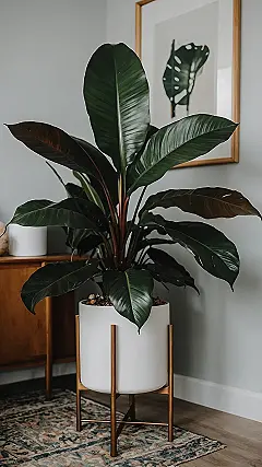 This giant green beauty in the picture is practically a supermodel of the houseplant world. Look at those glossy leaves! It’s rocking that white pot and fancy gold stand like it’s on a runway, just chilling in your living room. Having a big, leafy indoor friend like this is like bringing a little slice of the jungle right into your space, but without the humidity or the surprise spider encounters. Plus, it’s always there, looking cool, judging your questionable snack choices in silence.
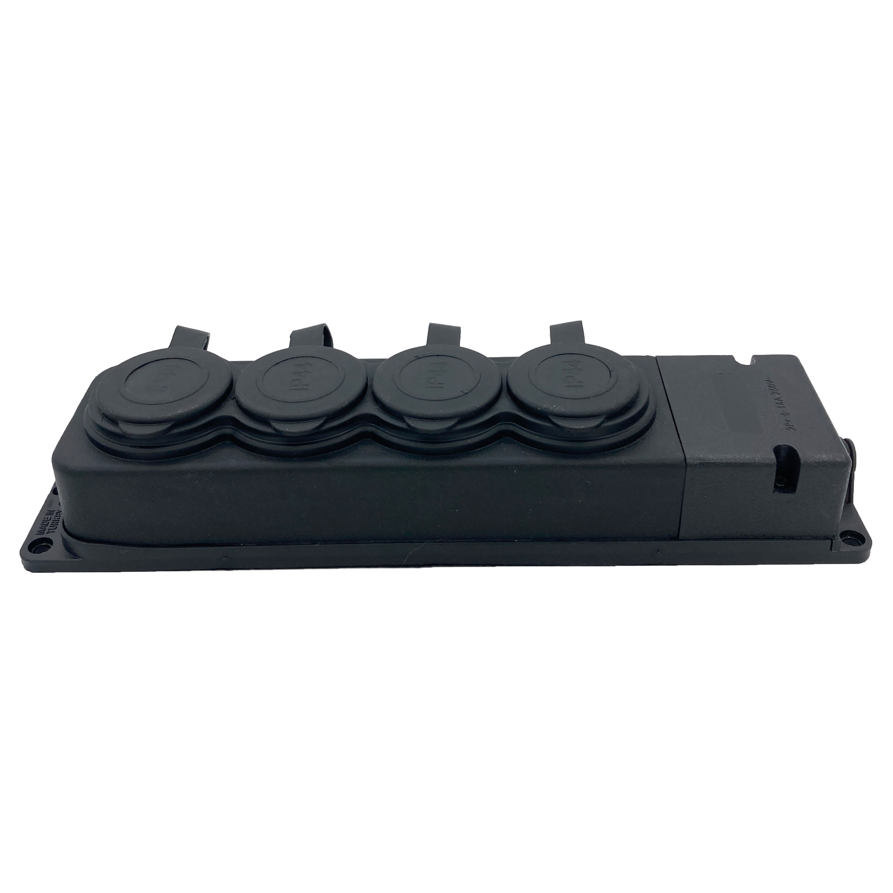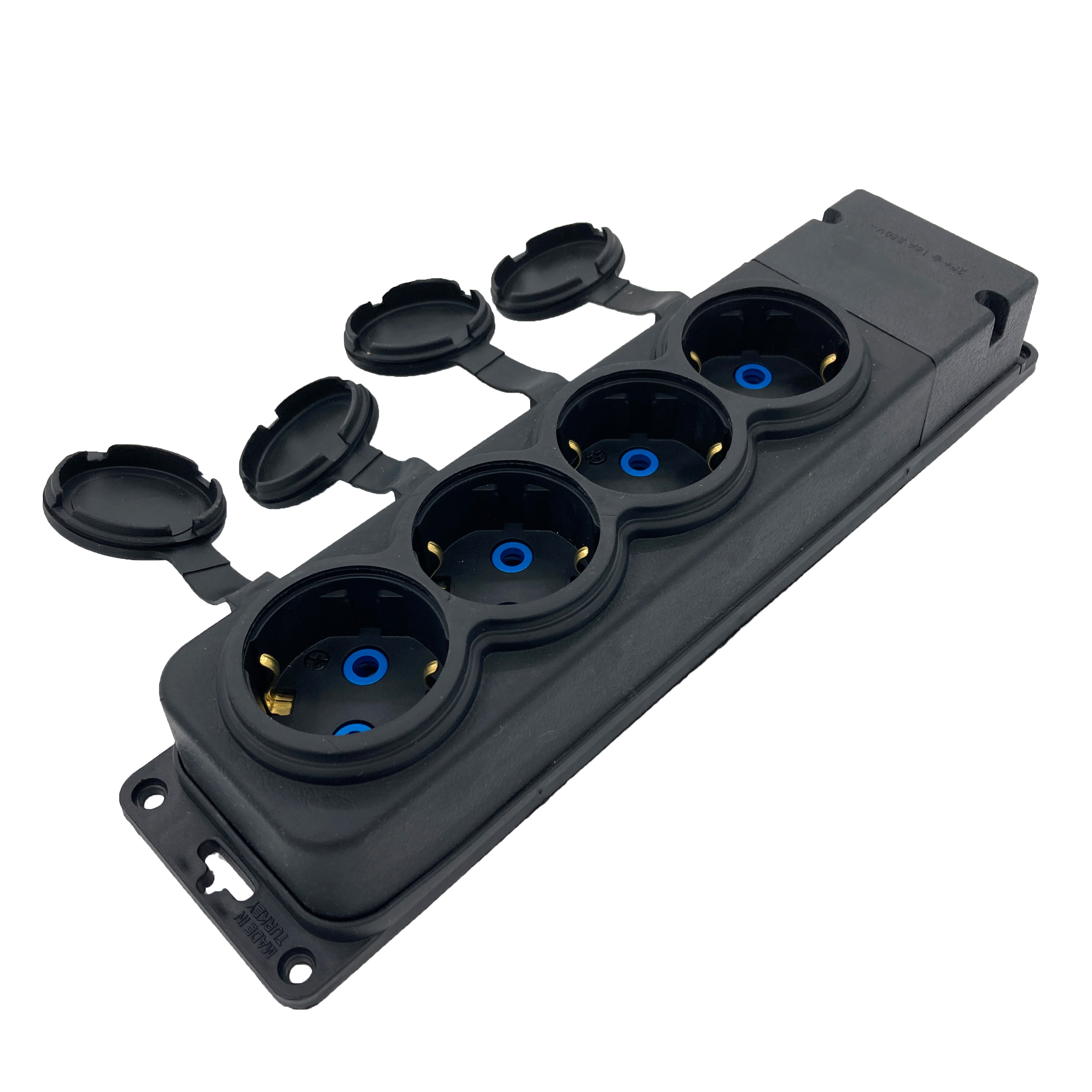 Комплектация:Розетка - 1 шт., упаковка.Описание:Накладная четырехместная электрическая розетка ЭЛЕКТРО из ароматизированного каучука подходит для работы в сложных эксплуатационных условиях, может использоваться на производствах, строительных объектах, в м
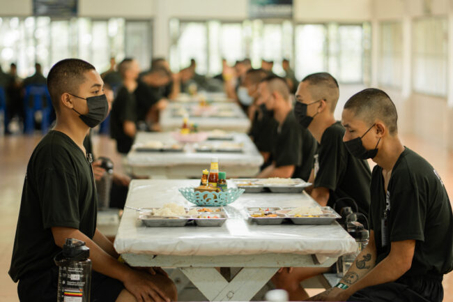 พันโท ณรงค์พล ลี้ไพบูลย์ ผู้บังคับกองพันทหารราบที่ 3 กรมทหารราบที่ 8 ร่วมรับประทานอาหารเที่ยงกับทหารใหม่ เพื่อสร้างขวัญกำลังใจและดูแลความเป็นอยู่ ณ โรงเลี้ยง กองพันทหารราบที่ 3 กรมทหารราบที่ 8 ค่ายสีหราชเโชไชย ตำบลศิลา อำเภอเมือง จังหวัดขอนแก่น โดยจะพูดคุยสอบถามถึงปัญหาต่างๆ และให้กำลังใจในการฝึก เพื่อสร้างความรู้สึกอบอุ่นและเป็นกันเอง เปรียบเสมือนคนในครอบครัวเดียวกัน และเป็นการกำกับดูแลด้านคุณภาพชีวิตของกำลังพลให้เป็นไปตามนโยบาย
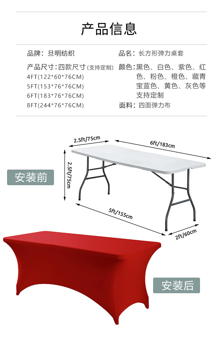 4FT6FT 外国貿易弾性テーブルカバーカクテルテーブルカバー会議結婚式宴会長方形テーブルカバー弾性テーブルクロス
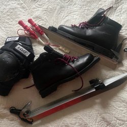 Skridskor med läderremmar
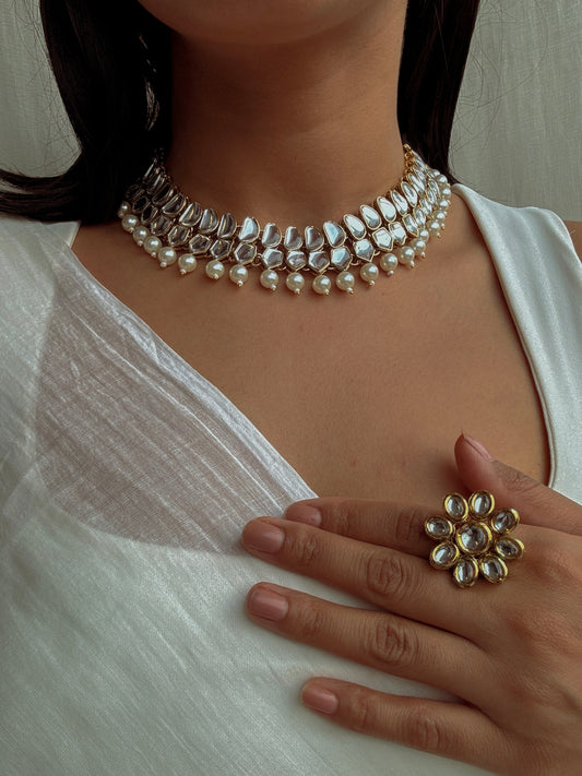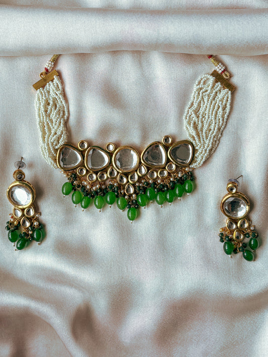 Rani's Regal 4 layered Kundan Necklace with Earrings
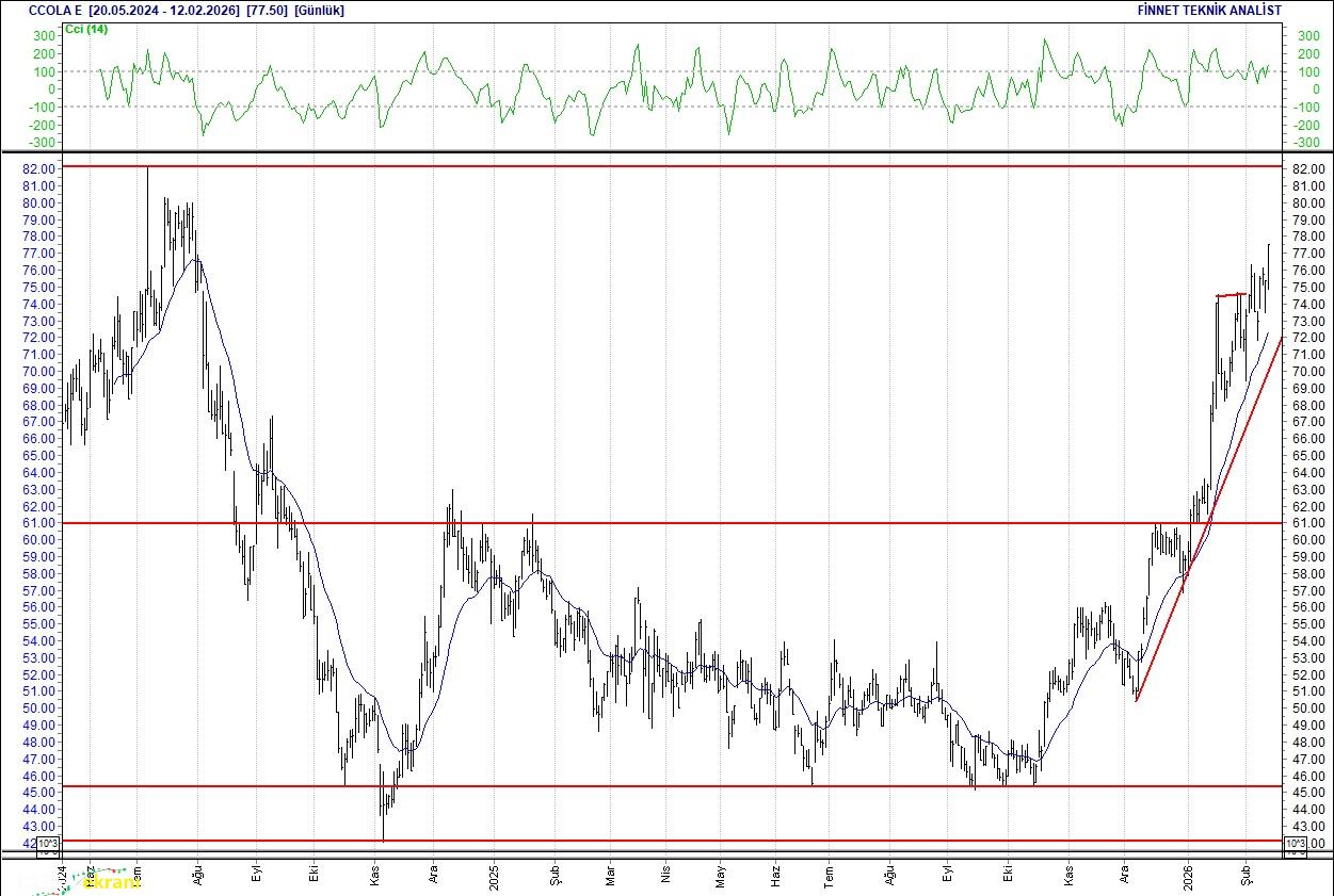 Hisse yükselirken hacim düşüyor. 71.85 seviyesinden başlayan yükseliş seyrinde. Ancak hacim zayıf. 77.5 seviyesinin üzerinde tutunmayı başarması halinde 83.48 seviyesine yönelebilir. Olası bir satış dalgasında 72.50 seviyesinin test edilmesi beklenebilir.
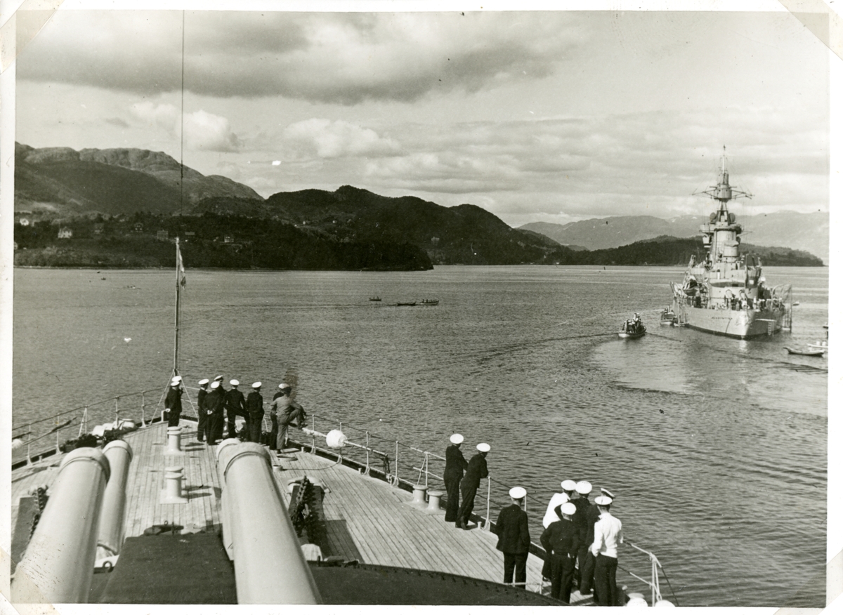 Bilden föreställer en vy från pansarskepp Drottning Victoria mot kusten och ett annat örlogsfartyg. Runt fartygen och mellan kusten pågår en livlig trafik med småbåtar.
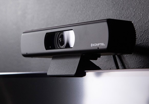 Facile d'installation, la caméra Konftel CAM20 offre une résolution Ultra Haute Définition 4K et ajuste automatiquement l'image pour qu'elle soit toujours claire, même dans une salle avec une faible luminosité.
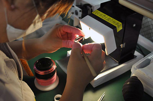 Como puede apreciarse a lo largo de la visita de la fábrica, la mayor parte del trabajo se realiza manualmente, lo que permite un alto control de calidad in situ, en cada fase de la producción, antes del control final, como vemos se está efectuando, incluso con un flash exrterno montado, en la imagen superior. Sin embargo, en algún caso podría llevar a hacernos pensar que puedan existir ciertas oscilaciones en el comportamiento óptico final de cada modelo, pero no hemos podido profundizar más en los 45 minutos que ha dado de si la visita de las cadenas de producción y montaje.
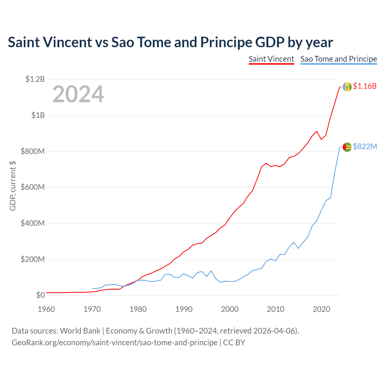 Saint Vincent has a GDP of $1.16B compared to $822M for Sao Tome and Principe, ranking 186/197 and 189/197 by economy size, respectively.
=====
Brief
What is needed is an exact copy of the entries above, with no images in it.

Solution to the problem
 This giant green beauty in the picture is practically a supermodel of the houseplant world. Look at those glossy leaves! It’s rocking that white pot and fancy gold stand like it’s on a runway, just chilling in your living room. Having a big, leafy indoor friend like this is like bringing a little slice of the jungle right into your space, but without the humidity or the surprise spider encounters. Plus, it’s always there, looking cool, judging your questionable snack choices in silence.
 Комплектация:Розетка - 1 шт., упаковка.Описание:Накладная четырехместная электрическая розетка ЭЛЕКТРО из ароматизированного каучука подходит для работы в сложных эксплуатационных условиях, может использоваться на производствах, строительных объектах, в м
 พันโท ณรงค์พล ลี้ไพบูลย์ ผู้บังคับกองพันทหารราบที่ 3 กรมทหารราบที่ 8 ร่วมรับประทานอาหารเที่ยงกับทหารใหม่ เพื่อสร้างขวัญกำลังใจและดูแลความเป็นอยู่ ณ โรงเลี้ยง กองพันทหารราบที่ 3 กรมทหารราบที่ 8 ค่ายสีหราชเโชไชย ตำบลศิลา อำเภอเมือง จังหวัดขอนแก่น โดยจะพูดคุยสอบถามถึงปัญหาต่างๆ และให้กำลังใจในการฝึก เพื่อสร้างความรู้สึกอบอุ่นและเป็นกันเอง เปรียบเสมือนคนในครอบครัวเดียวกัน และเป็นการกำกับดูแลด้านคุณภาพชีวิตของกำลังพลให้เป็นไปตามนโยบาย
 4FT6FT 外国貿易弾性テーブルカバーカクテルテーブルカバー会議結婚式宴会長方形テーブルカバー弾性テーブルクロス
 Skridskor med läderremmar
 Rani's Regal 4 layered Kundan Necklace with Earrings
 Hisse yükselirken hacim düşüyor. 71.85 seviyesinden başlayan yükseliş seyrinde. Ancak hacim zayıf. 77.5 seviyesinin üzerinde tutunmayı başarması halinde 83.48 seviyesine yönelebilir. Olası bir satış dalgasında 72.50 seviyesinin test edilmesi beklenebilir.
 Bilden föreställer en vy från pansarskepp Drottning Victoria mot kusten och ett annat örlogsfartyg. Runt fartygen och mellan kusten pågår en livlig trafik med småbåtar.
 Facile d'installation, la caméra Konftel CAM20 offre une résolution Ultra Haute Définition 4K et ajuste automatiquement l'image pour qu'elle soit toujours claire, même dans une salle avec une faible luminosité.
 Como puede apreciarse a lo largo de la visita de la fábrica, la mayor parte del trabajo se realiza manualmente, lo que permite un alto control de calidad in situ, en cada fase de la producción, antes del control final, como vemos se está efectuando, incluso con un flash exrterno montado, en la imagen superior. Sin embargo, en algún caso podría llevar a hacernos pensar que puedan existir ciertas oscilaciones en el comportamiento óptico final de cada modelo, pero no hemos podido profundizar más en los 45 minutos que ha dado de si la visita de las cadenas de producción y montaje.
 Saint Vincent has a GDP of $1.16B compared to $822M for Sao Tome and Principe, ranking 186/197 and 189/197 by economy size, respectively.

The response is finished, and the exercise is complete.